Wspomnienia.

Autor: domis2912
Czy podobał Ci się to opowiadanie? 0

۵

Rodzice wiedząc jaka jestem szczęśliwa , z każdym dniem mieli do mnie większe pretensje. Z resztą teraz miałam całą rodzinę przeciwko sobie. O co im wszystkim chodziło? Nie wiem. Czy nie mam prawa być szczęśliwa. Ja się tylko zakochałam. Nie widziałam w tym nic dziwnego. Poddałam się pragnieniu , które było w moim sercu. Każdy miał jakiś problem z tym ,że spotykam się z Marcinem. Powoli zaczynałam im wierzyć ,że to nie ma sensu. Że postępuje głupio. Lecz tak bardzo mi na Nim zależało.

۵

Z końcem Czerwca w Jaśkowicach odbywa się Noc Świętojańska. Ta impreza zaskoczyła nie tylko mnie , ale i moją rodzinkę. Byli w szoku kiedy zobaczyli na parkiecie mnie i Marcina. Moje serce wypełniała radość. Szkoda ,że nie mogłam zatrzymać czasu. Ale wszystko co dobre szybko się kończy.

Sytuacja w moim domu była tak napięta, że kolejny raz musiałam się wyprowadzić do dziadków. Nie miałam siły słuchać jaki to Paweł jest cacy a Marcin be.
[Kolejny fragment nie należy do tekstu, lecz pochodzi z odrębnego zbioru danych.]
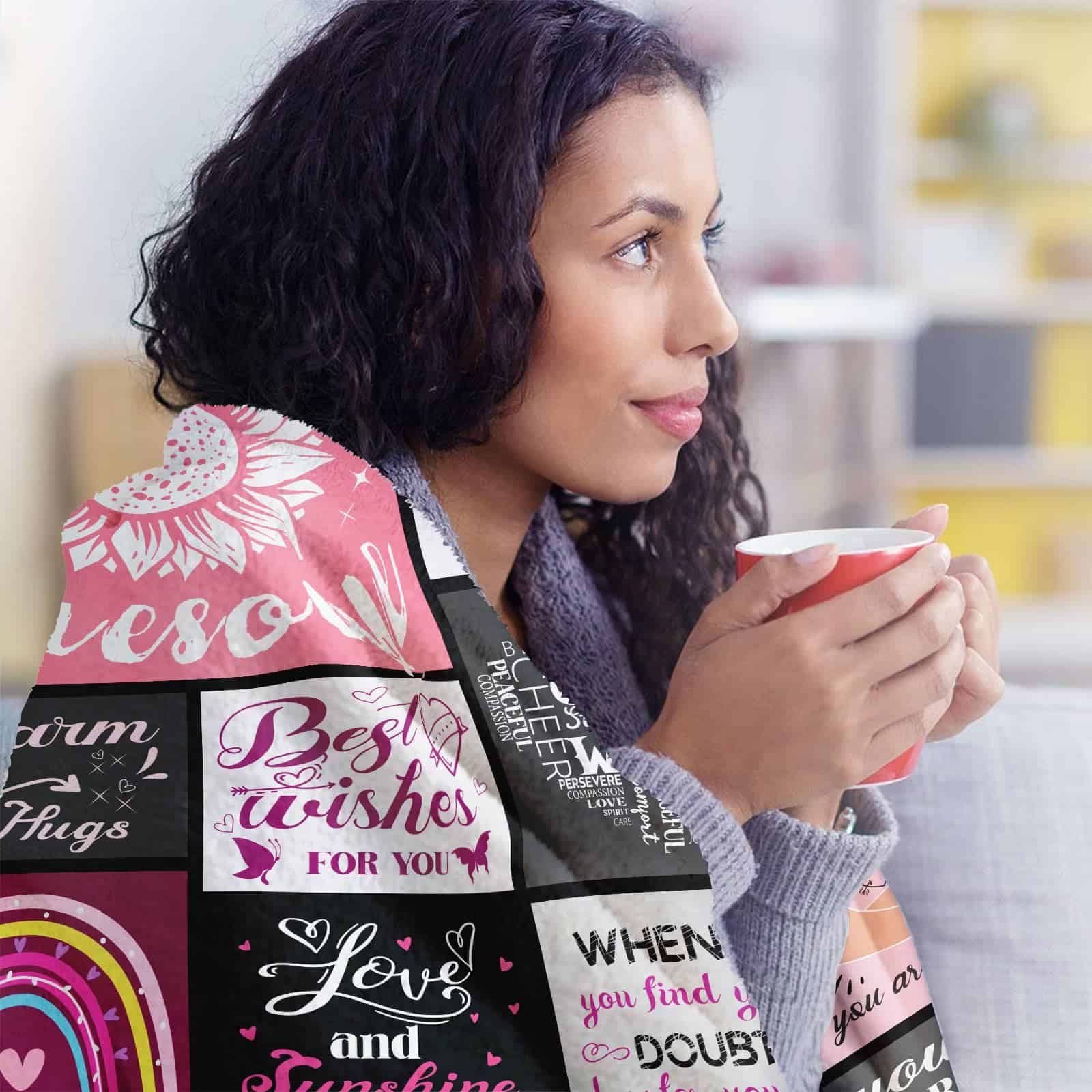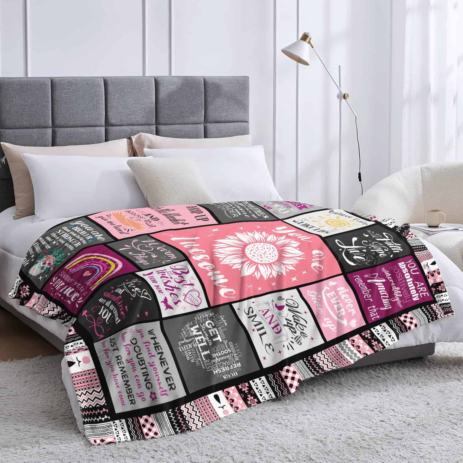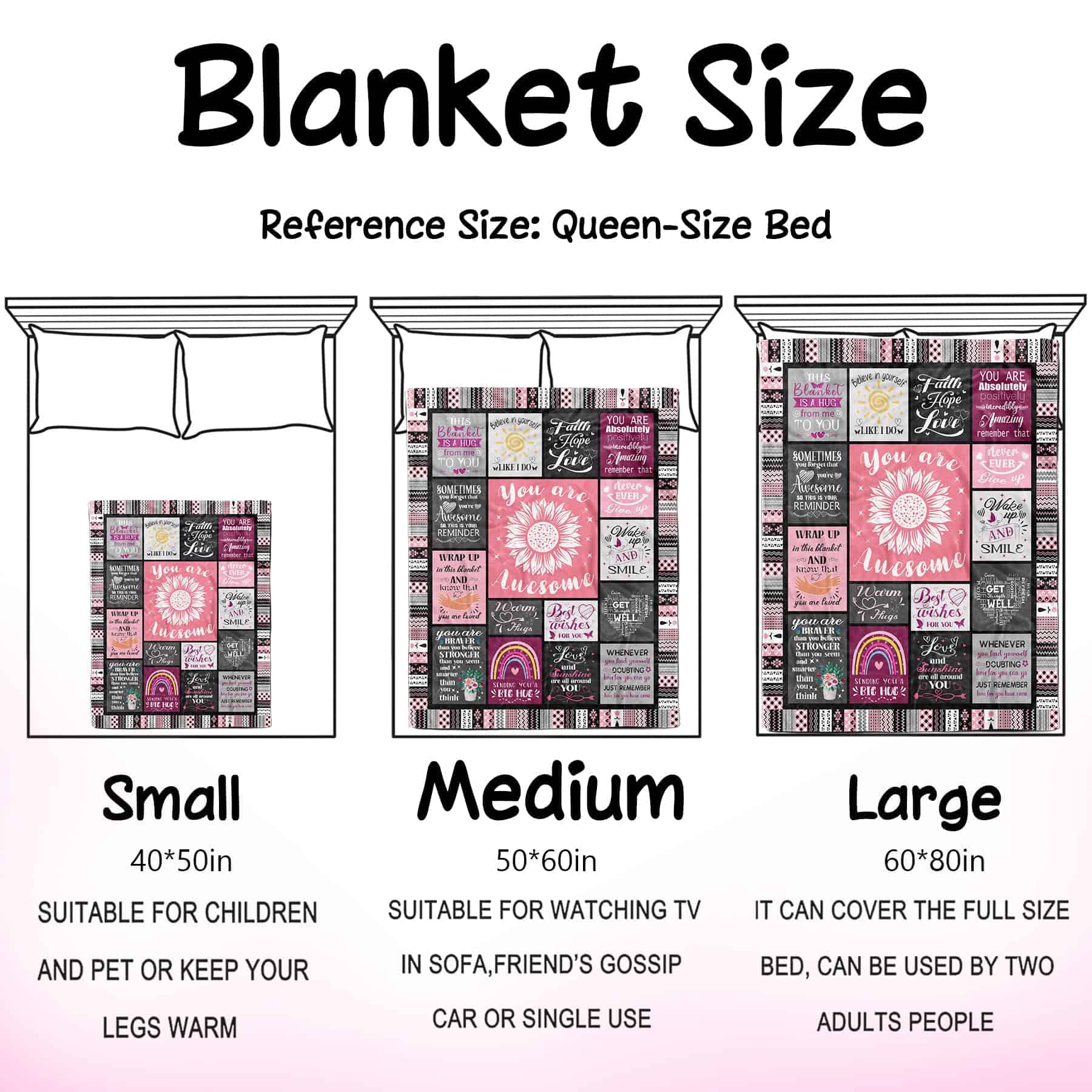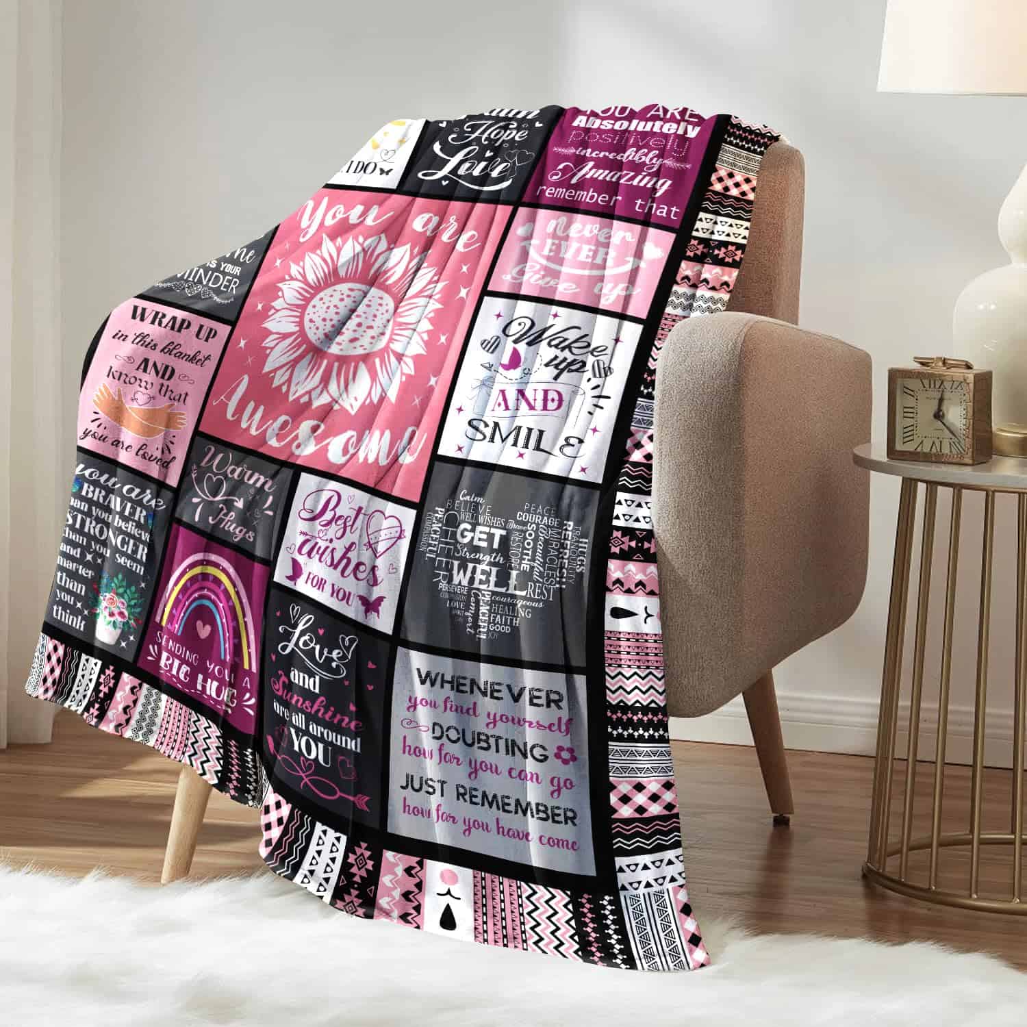 3. Regalo para Recuperarse Pronto para Mujeres: Esta manta inspiradora está impresa con palabras inspiradoras, un regalo de estímulo significativo para tu familia, amigos o compañeros de trabajo. También es una buena idea para regalos de recuperación para mujeres, regalos de simpatía, regalos espirituales para mujeres, regalos de agradecimiento para mujeres, regalos de cuidado del cáncer para mujeres. Cuando se envuelven en esta manta, es como un cálido abrazo que no solo les brinda calor, sino que también calienta sus corazones.

Na nowo wróciło lato i więź z moim mężczyzną stawała się coraz silniejsza , przynajmniej dla mnie. Jego humorki traktowałam obojętnie, bo wiedziałam ,że on boi się miłości. Boi się wiązać. Chciałam bardzo nauczyć Go sztuki miłości. Czy mi się to udało? Nie. Marcin strasznie się zmienił, albo po prostu nie znałam Go z tej strony. Facet, z którym rok temu się spotykałam wydał mi się być obcy. Co weekend się widywaliśmy, jednak nie było to co kiedyś. Wspólne noce były czymś wyjątkowym. Lecz brakowało mi tej plaży , miłości, spadających gwiazd . Czując dotyk Jego cudownych ust na moim ciele , przechodził mnie dreszczyk. Dłonie wędrujące wzdłuż i szerz mojego ciała pozwalały mi zapomnieć o wszystkim. Kochałam Go , to było pewne. Nie chciałam nic więcej. Niestety mieszkanie z dziadkami zaczęło być uciążliwe. Mimo ,że miałam prawie 19 lat byłam kontrolowana jak mała dziewczynka. Musiałam się wyprowadzić. W końcu skończyłam szkołę i pracowałam. Nie dużo można zarobić w osiedlowym sklepiku , jednak na wynajem mieszkania i utrzymanie się wystarczyło. Miałam wtedy również wsparcie wśród ludzi , którzy znali mnie kilka tygodni. Nie na mieszkałam się za długo samodzielnie , z powodu operacji wyrostka. To dzięki niemu znów mieszkałam w domu na prośbę rodziców.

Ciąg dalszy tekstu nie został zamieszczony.